Quickstart Guide

Quickstart Guide#

This guide includes running RL, finding environments, creating new projects, and some basic usage of URBAN-SIM.

To get started, we will first install URBAN-SIM following the previsou section. After that, we can launch a training script to train a reinforcement learning agent in a URBAN-SIM environment.

Launch Training#

The various envs of URBAN-SIM are accessed through their corresponding train.py scripts located in the urbansim/learning/RL directory. Invoking these scripts will require a Task Configuration to the gymnasium API. For example,

python urbansim/learning/RL/train.py --env configs/env_configs/navigation/coco.yaml --enable_cameras --num_envs 32

This will train the coco delivery robot to navigate. Note specifically the --num_envs option and the --headless flag, both of which can be useful when trying to develop and debug a new environment.

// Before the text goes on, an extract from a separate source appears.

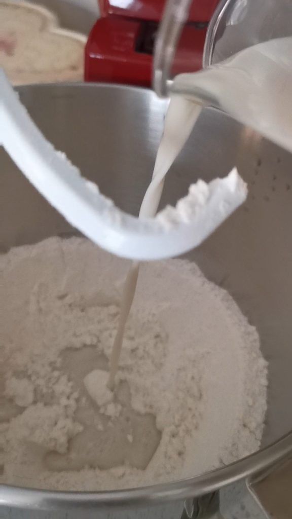 In a measuring cup, dissolve the yeast and sugar in room temperature or slightly warm milk. Let it sit for a few minutes, then start pouring it into the center of the flour and activate the mixer, or begin mixing with a fork or by hand.

In the script, the environment is registered with the gymnasium API, and the training script is launched with the task argument in Isaac Sim. The task is a string that identifies the environment and the robot used in the training.

import gymnasium as gym
gym.register(
    id=f"URBANSIM-{task_name}-{robot_name}-{setting_name}",
    entry_point="urbansim.envs:AbstractRLEnv",
    disable_env_checker=True,
    kwargs={
        "env_cfg_entry_point": EnvCfg,
        "rsl_rl_cfg_entry_point":  f"urbansim.primitives.robot.{robot_name}:PPORunnerCfg",
        "rl_games_cfg_entry_point": f"configs/rl_configs/{task_name}/{robot_name}/{setting_name}_train.yaml",
    },
)
args_cli.task = f"URBANSIM-{task_name}-{robot_name}-{setting_name}"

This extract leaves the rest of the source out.